§ **What you will do**:
Set down every line from the one containing "Woolly Pod Milkweed" through the last line of the records below, exactly as written, and leave out the pictures.
------------------------------
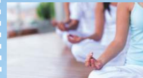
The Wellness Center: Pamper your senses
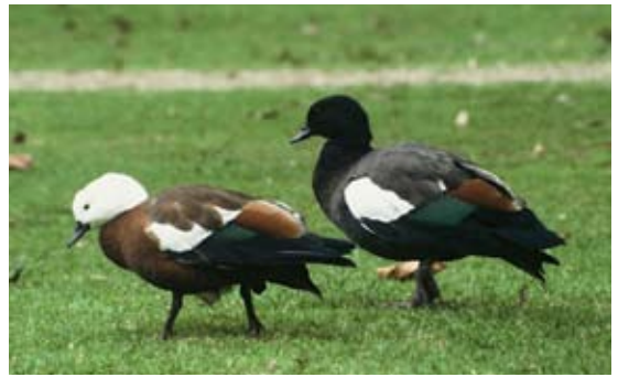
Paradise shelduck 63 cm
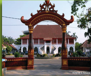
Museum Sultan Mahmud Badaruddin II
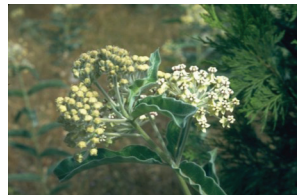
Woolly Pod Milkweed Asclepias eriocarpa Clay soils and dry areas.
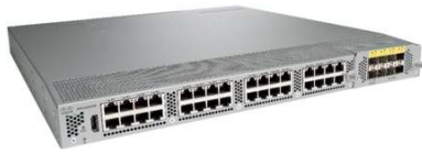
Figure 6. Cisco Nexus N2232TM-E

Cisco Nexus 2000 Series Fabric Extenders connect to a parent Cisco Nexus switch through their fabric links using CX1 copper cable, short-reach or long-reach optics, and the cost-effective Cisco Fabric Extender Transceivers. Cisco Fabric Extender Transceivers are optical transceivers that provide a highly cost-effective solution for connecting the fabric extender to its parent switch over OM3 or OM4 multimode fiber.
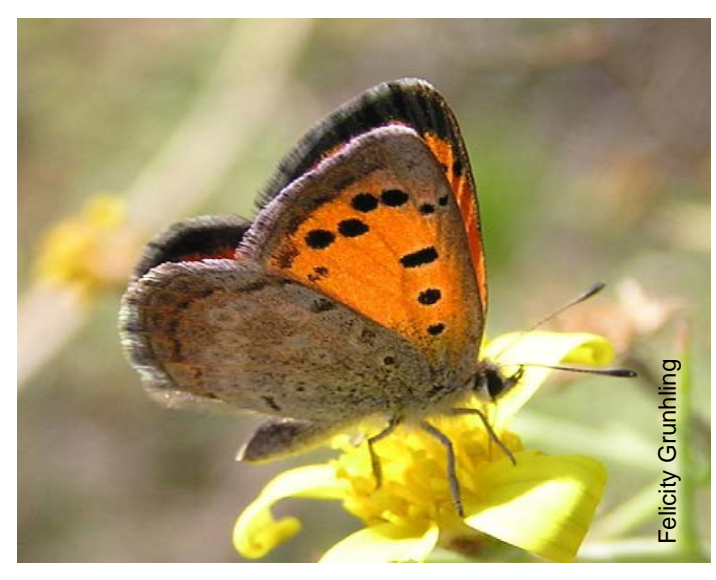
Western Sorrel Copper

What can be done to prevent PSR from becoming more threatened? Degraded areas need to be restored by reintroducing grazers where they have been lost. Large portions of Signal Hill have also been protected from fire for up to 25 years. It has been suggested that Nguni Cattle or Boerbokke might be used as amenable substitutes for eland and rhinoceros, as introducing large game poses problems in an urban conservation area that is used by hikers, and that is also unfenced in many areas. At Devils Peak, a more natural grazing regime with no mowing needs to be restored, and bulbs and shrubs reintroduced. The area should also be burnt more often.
------------------------------
§ **Result**:
Woolly Pod Milkweed Asclepias eriocarpa Clay soils and dry areas.
Figure 6. Cisco Nexus N2232TM-E

Cisco Nexus 2000 Series Fabric Extenders connect to a parent Cisco Nexus switch through their fabric links using CX1 copper cable, short-reach or long-reach optics, and the cost-effective Cisco Fabric Extender Transceivers. Cisco Fabric Extender Transceivers are optical transceivers that provide a highly cost-effective solution for connecting the fabric extender to its parent switch over OM3 or OM4 multimode fiber.
Western Sorrel Copper

What can be done to prevent PSR from becoming more threatened? Degraded areas need to be restored by reintroducing grazers where they have been lost. Large portions of Signal Hill have also been protected from fire for up to 25 years. It has been suggested that Nguni Cattle or Boerbokke might be used as amenable substitutes for eland and rhinoceros, as introducing large game poses problems in an urban conservation area that is used by hikers, and that is also unfenced in many areas. At Devils Peak, a more natural grazing regime with no mowing needs to be restored, and bulbs and shrubs reintroduced. The area should also be burnt more often.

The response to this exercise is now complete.